■ Your goal
From the entries below, say how many lines carry the word "Alanı", and give nothing but the number.

+++++

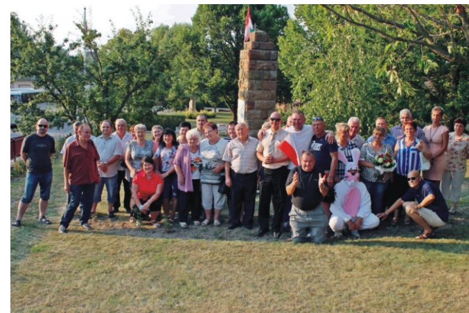
Lengyel barátainkkal a tőlük kapott fa előtt
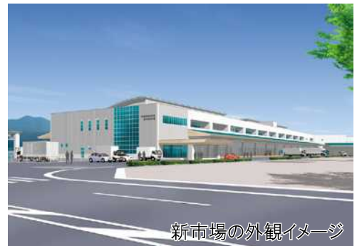
新市場の外観イメージ

東京五輪が開催される2020年(平成32年)までに主要部分の供用開始を目指して、平成28年度から高度衛生管理型漁港・市場整備を開始しています。
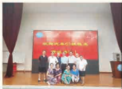
汽车65级校友返校聚会合影
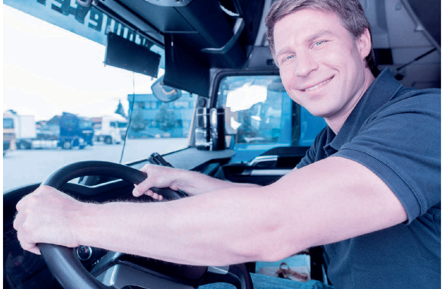
Fehler können passieren. Entscheidend ist, ob der Arbeitnehmer seiner Sorgfaltspflicht nachkommt.

In der Praxis werden mögliche Schäden meistens durch den Arbeitgeber versichert, insbesondere bei Fahrzeugen. Einige Gerichte sind der Meinung, dass hier eine Vollkaskoversicherung abgeschlossen werden müsse. Der Schaden, den der Arbeitgeber gegenüber dem Arbeitnehmer höchstens geltend machen kann, ist auf den Selbstbehalt, einen allfälligen Malus, ungedeckt gebliebene Schäden oder mögliche Regressforderungen beschränkt.
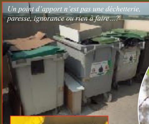
Un point d'apport n'est pas une déchetterie, paresse, ignorance ou rien à faire...?
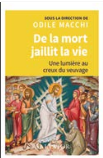
Ed. Salvator, 190 p, 20€
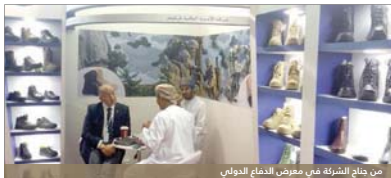
من جناح الشركة هي معرض الدفاع الدولي

شارك شركة الأخذية الواقية في معرض ومؤتمر الدفاع الدولي (إيدكس) في أبوظبي بالإمارات العربية المتحدة. والمنتج المعروض صاحب السمو محمد بن راشد آل مكتوم نائب رئيس الدولة وصاحب السمو الشيخ محمد بن زايد راعهم الله.
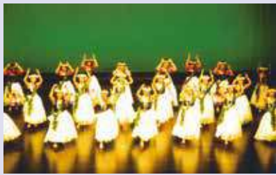
フラダンスサークル (芸能祭出演風景)

平成16年、磯辺三丁目西に居住するシニアを中心に、「磯辺三丁目西シニアクラブ」の名称で発足。自らの生活を豊かにする「サークル活動」と、高齢者が持つ時間と経験を活かし、地域を豊かにする「ボランティア活動」を開始。平成25年「なぎさ会」と改名。地域を限定せず、近隣町会のシニアの方々にも入会していただけるよう会則を改定し、会員増強と活動の充実を図りました。
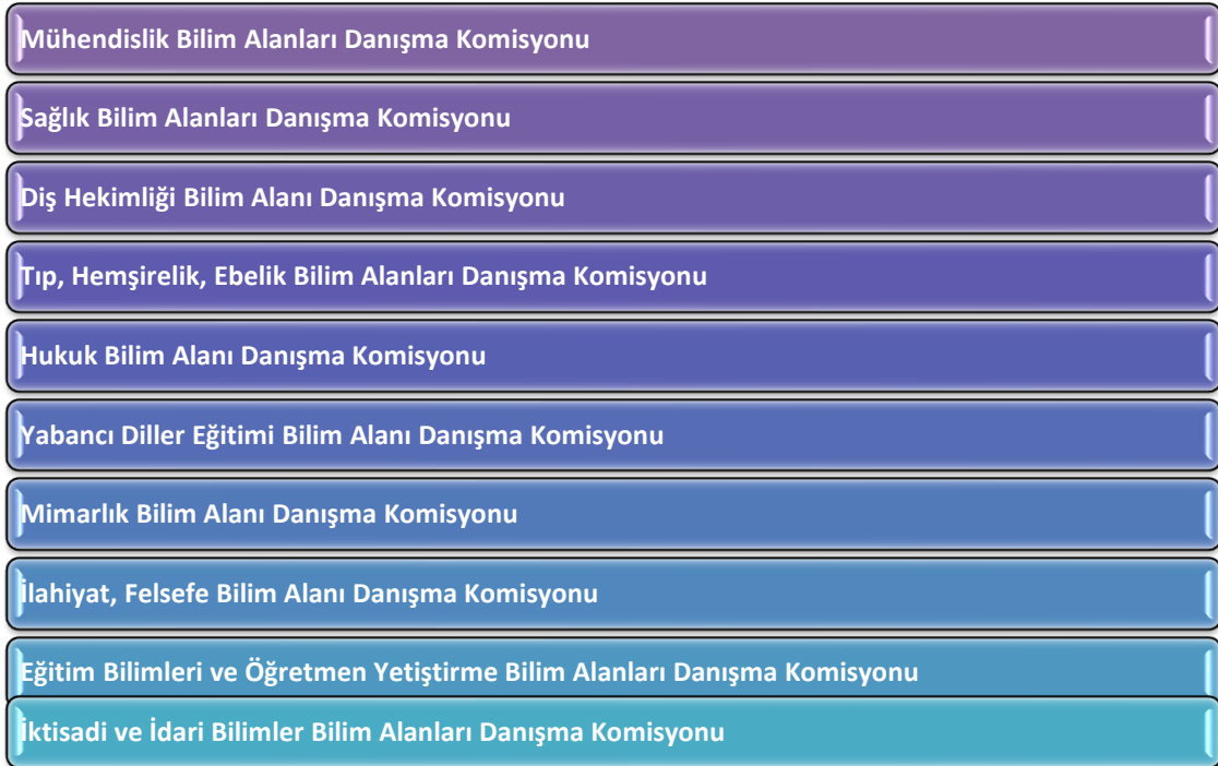
Şekil 1. Bilim Alanı Danışma Komisyonları

Yönetmeliğin her bir dosya üzerinden münferiden incelenmesi ve değerlendirilmesi amacıyla alanında uzman ve bağımsız akademisyenler tarafından Bilim Alanı Danışma Komisyonları oluşturulmuştur. Bilim Alanı Danışma Komisyonları belirli dönemlerde toplanmakta ve denklik başvurularının münferiden incelenmesini sağlamaktadır. Müzik ve müzik eğitimi alanına ait denklik başvuruları Eğitim Bilimleri ve Öğretmen Yetiştirme Bilim Alanları Danışma Komisyonunca değerlendirilmekte olup diğer Bilim Alanı Danışma Komisyonları Şekil 1’de gösterilmiştir.
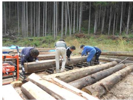
被災木を製材するボランティア
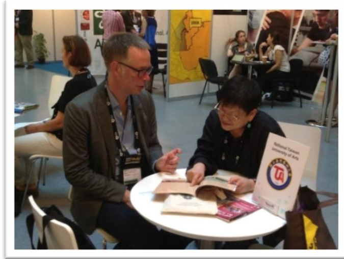
圖十三【與荷蘭烏特勒支應用大學代表合影】

Utrecht (烏特勒支應用大學) 成立於 1867 年，是荷蘭第三大應用類公立大學，學校位於荷蘭的第三大城市烏特勒支市，具有悠久的歷史和深厚的文化內涵。校內專業課程如：國際商業與經濟、商業管理、企業發展規規劃、國際媒體與交流、產品發展、軟體工程等。會談代表為該校傳播與多媒體設計教授，對於本校傳播與設計學院提供之專業課程深感興趣，本校表示將於活動結束後，持續積極與該校國際事務相關單位人員接洽，進行討論並交換意見，期盼未來能有雙向合作機會。雙方相談甚歡，並交換文宣相關資料供雙方參考及推廣，針對未來可合作努力的事項進行佈局。
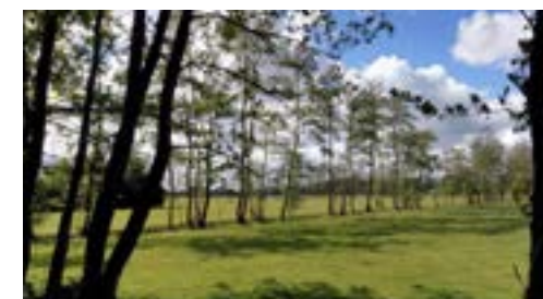
Dunne elzensingel rond weide
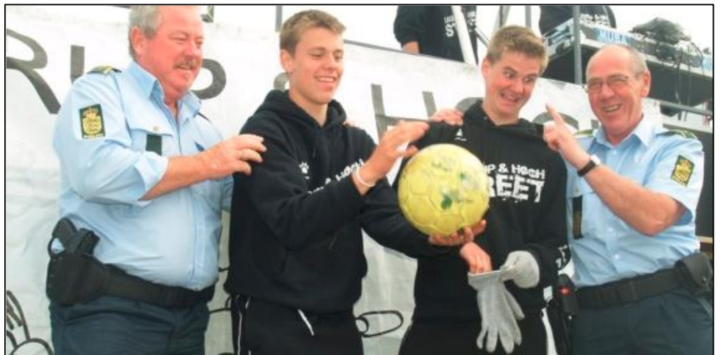
Freestylers fra Laudrup & Høgh har tidligere besøgt Helsingør. Nu er de her igen i forbindelse med Helsingør Messen. Gæt selv, hvem der repræsenterer Laudrup & Høgh Street.!

HSU stand er placeret umiddelbart til venstre for scenen i hal 1, så der skulle være gode muligheder for lidt opmærksomhed på såvel Helsingør Sports Union som idrætsforeningerne i kommunen.
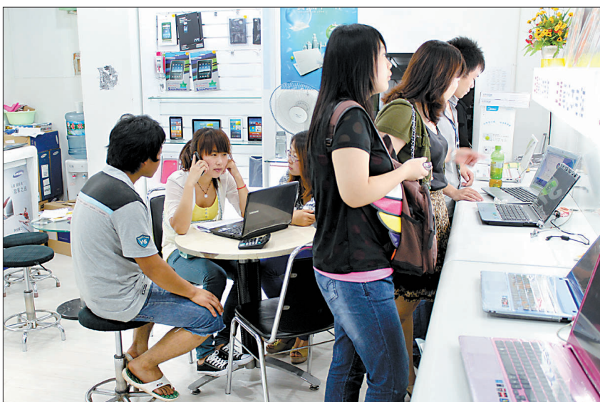
实用、样式好看的笔记本电脑为学生首选。

开学在即,不少学生忙着置办各种用品,智能手机、笔记本电脑、相机等产品热销。近日,记者走访市区各大商场及数码产品专卖店发现,数码产品已成为学生购物的首选。业内人士提醒:购买数码产品不要追求名牌、多功能等,实惠、实用才是最好的选择,所谓知足才能常乐。
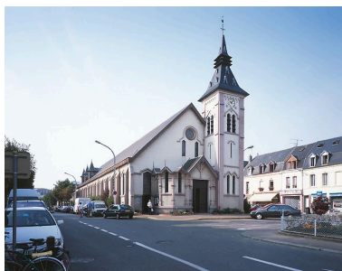
Vue générale. IVR31_20046200118VA
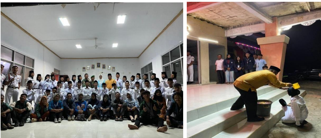
Gambar 3. 7 Pengukuhan Paskibra di Kecamatan
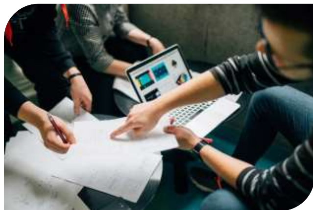
Uutta osaamista hankkivat työntekijät ja yrittäjät
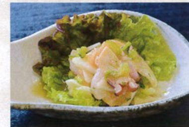
「カブ・エビ・タコの柑橘サラダ」 【店舗名:割烹御宿 たまきや】

+++++

■ Solution to this exercise
2